Extracted records
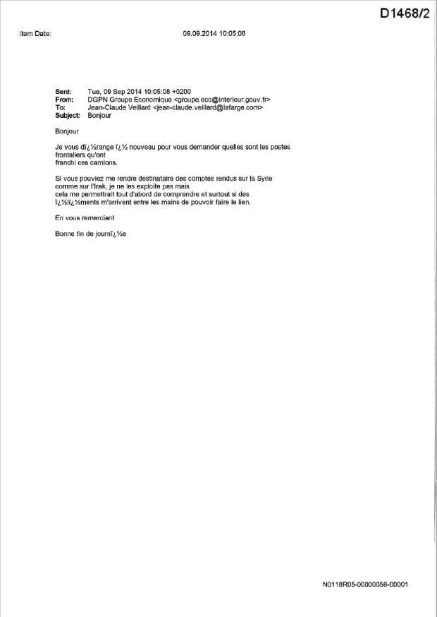 Lafarge Güvenlik Müdürü Veillard ile Fransız İçişleri Bakanlığı istihbaratı arasındaki e-posta trafiğinde 1 Eylül 2014’te yapılan yazışmalarda DEAŞ’a çimento gönderilmesi işinin ayrıntıları ele alındı.
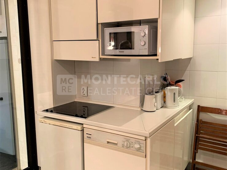 Dieses möblierte Studio eignet sich für gemischte Nutzung. Es befindet sich in einer ruhigen Wohngegend, in der Nähe des Parc Princesse Antoinette, innerhalb einer prestigeträchtigen Residenz mit Sicherheitsdienst.
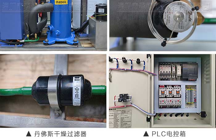 4.采用一線品牌制冷配件:德國比澤爾、丹麥丹佛斯、美國谷輪、臺灣漢鐘壓縮機(jī)、意大利萊富康等知名壓縮機(jī),丹佛斯電磁閥、膨脹閥、干燥過濾器、美國愛默生膨脹閥等制冷配件,片冰機(jī)質(zhì)量可靠,故障率低,制冰效率高。
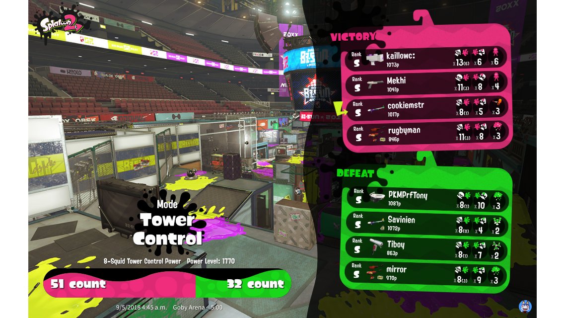 | Mode | Tower Control - Ranked Battle | ||||||||||||||||||||||||||||||||||||||||
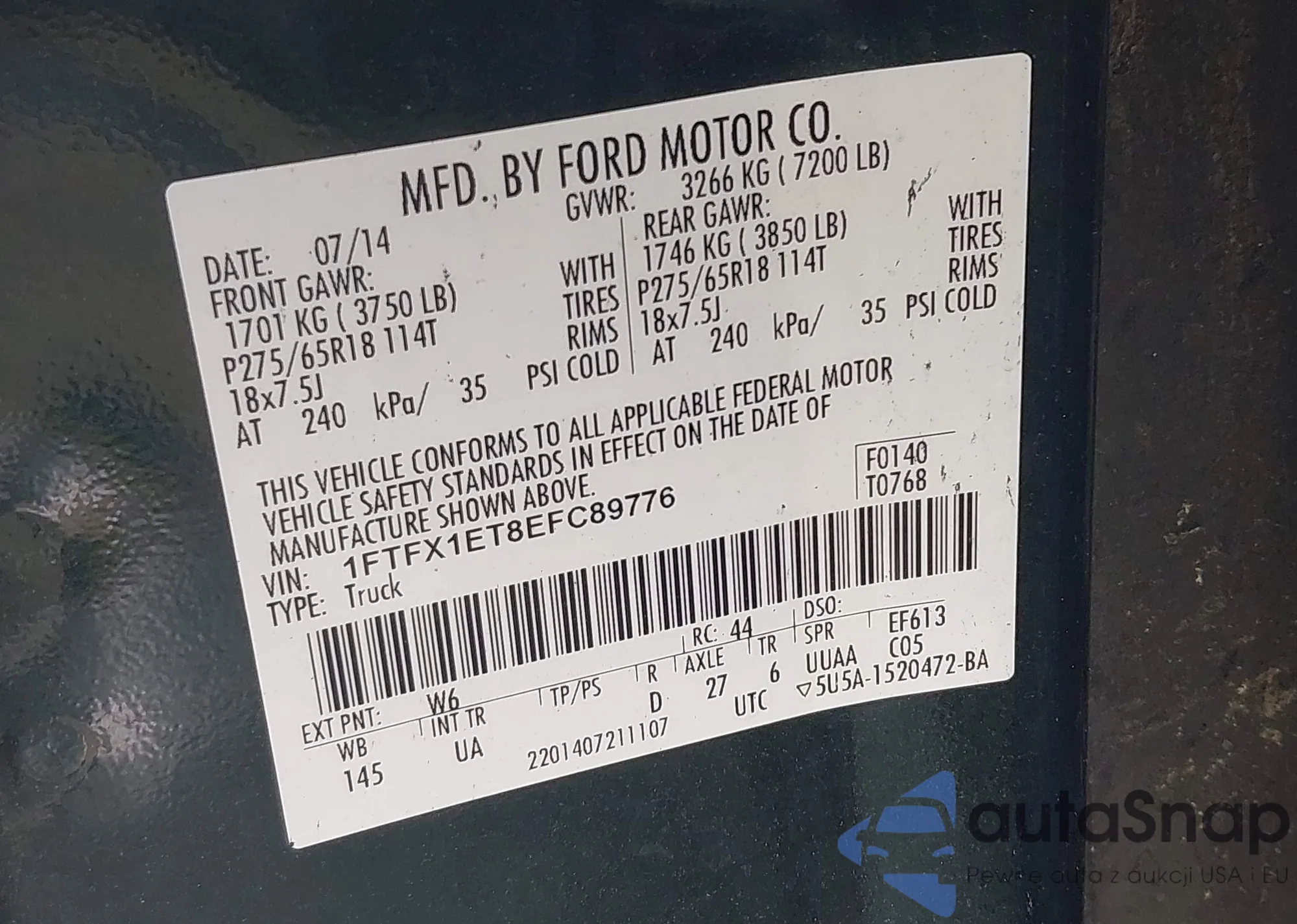 • VIN 1FTFX1ET8EFC89776
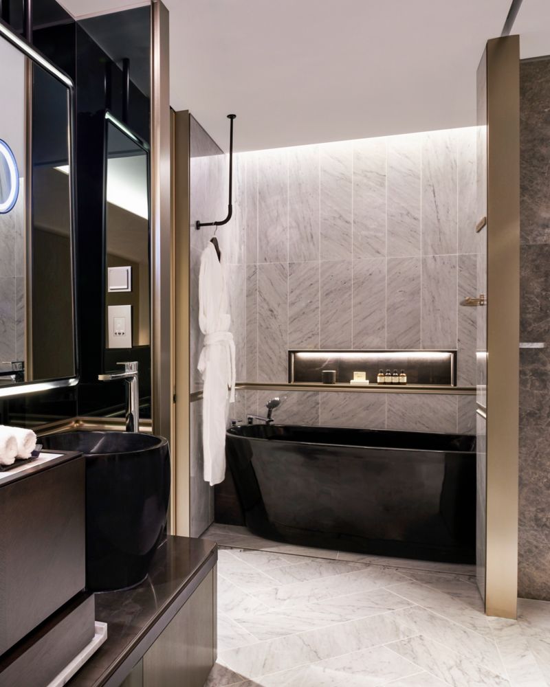 洗練されたインテリアデザインとモダンな家具がエレガントに調和したお部屋と、豪華な大理石のバスルームで、ゆったりとおくつろぎください。※ 客室の画像は、実際の客室と異なる場合があります。
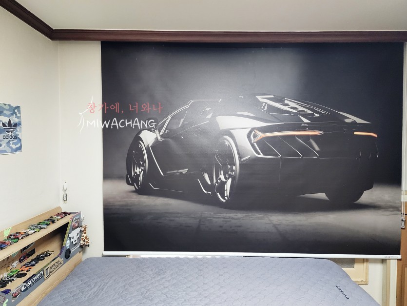 자동차 그림 실사롤스크린을 암막으로 제작하여 설치해드렸어요~
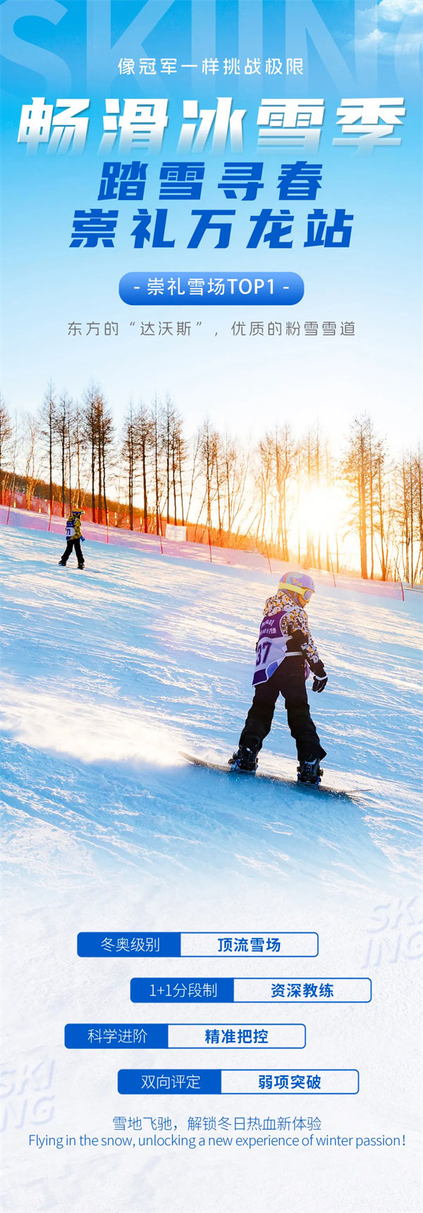 启用【踏雪寻春】滑雪学院原班师资团队,教练多年从事儿童滑雪教学,对6-14岁儿童有丰富的滑雪教学经验。
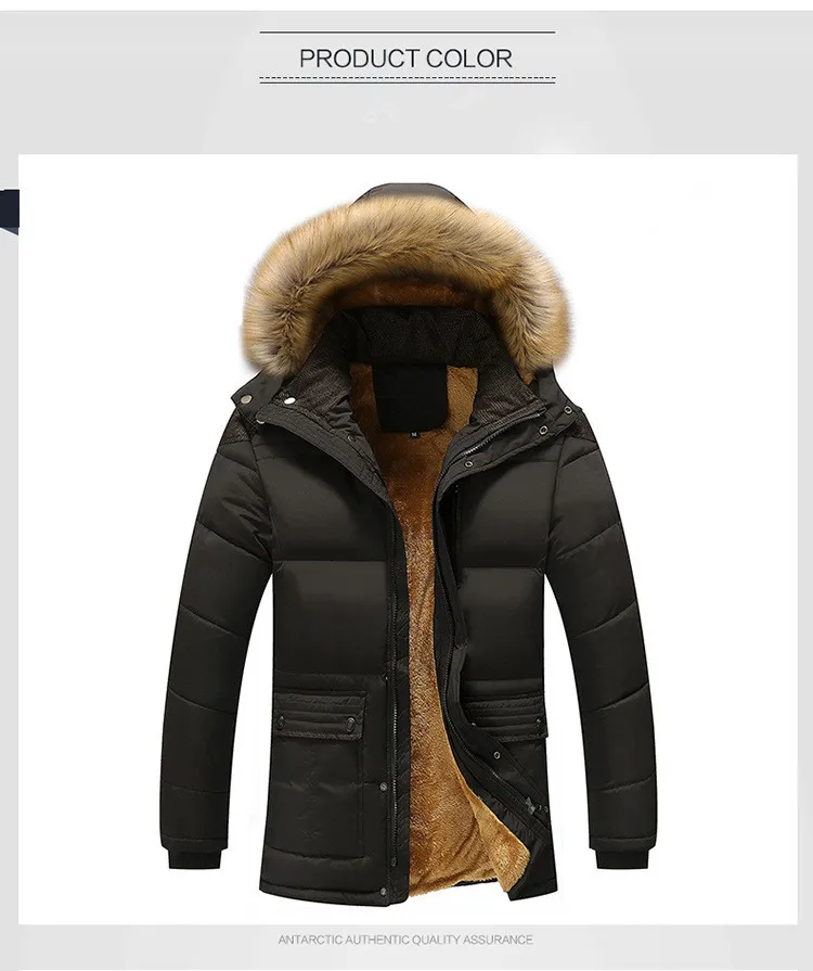 Мужская зимняя утепленная куртка с меховым воротником и капюшоном, Мужская ветрозащитная куртка, мужские парки, повседневное пальто, пальто со съемной шапкой
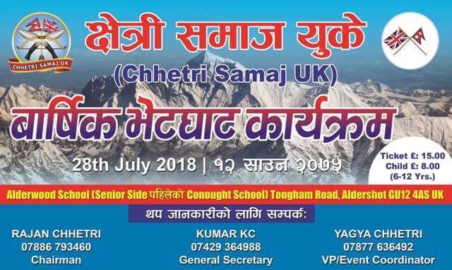 जगन कार्की , लण्डन । क्षेत्री समाज बेलायतले आगामि २८ जुलाईमा वार्षिक समर भेटघाट (गेट टुगेदर) गर्ने भएको छ ।

== WHAT IS BEING ASKED ==
Above are the records; please give again, exactly and in full, only the lines that run from the line with "4.采用一線品牌制冷配件:德" through the line with "Мужская зимняя утепленная", with no pictures.

== EXERCISE SOLUTION ==
 4.采用一線品牌制冷配件:德國比澤爾、丹麥丹佛斯、美國谷輪、臺灣漢鐘壓縮機(jī)、意大利萊富康等知名壓縮機(jī),丹佛斯電磁閥、膨脹閥、干燥過濾器、美國愛默生膨脹閥等制冷配件,片冰機(jī)質(zhì)量可靠,故障率低,制冰效率高。
 | Mode | Tower Control - Ranked Battle | ||||||||||||||||||||||||||||||||||||||||
 • VIN 1FTFX1ET8EFC89776
 洗練されたインテリアデザインとモダンな家具がエレガントに調和したお部屋と、豪華な大理石のバスルームで、ゆったりとおくつろぎください。※ 客室の画像は、実際の客室と異なる場合があります。
 자동차 그림 실사롤스크린을 암막으로 제작하여 설치해드렸어요~
 启用【踏雪寻春】滑雪学院原班师资团队,教练多年从事儿童滑雪教学,对6-14岁儿童有丰富的滑雪教学经验。
 Мужская зимняя утепленная куртка с меховым воротником и капюшоном, Мужская ветрозащитная куртка, мужские парки, повседневное пальто, пальто со съемной шапкой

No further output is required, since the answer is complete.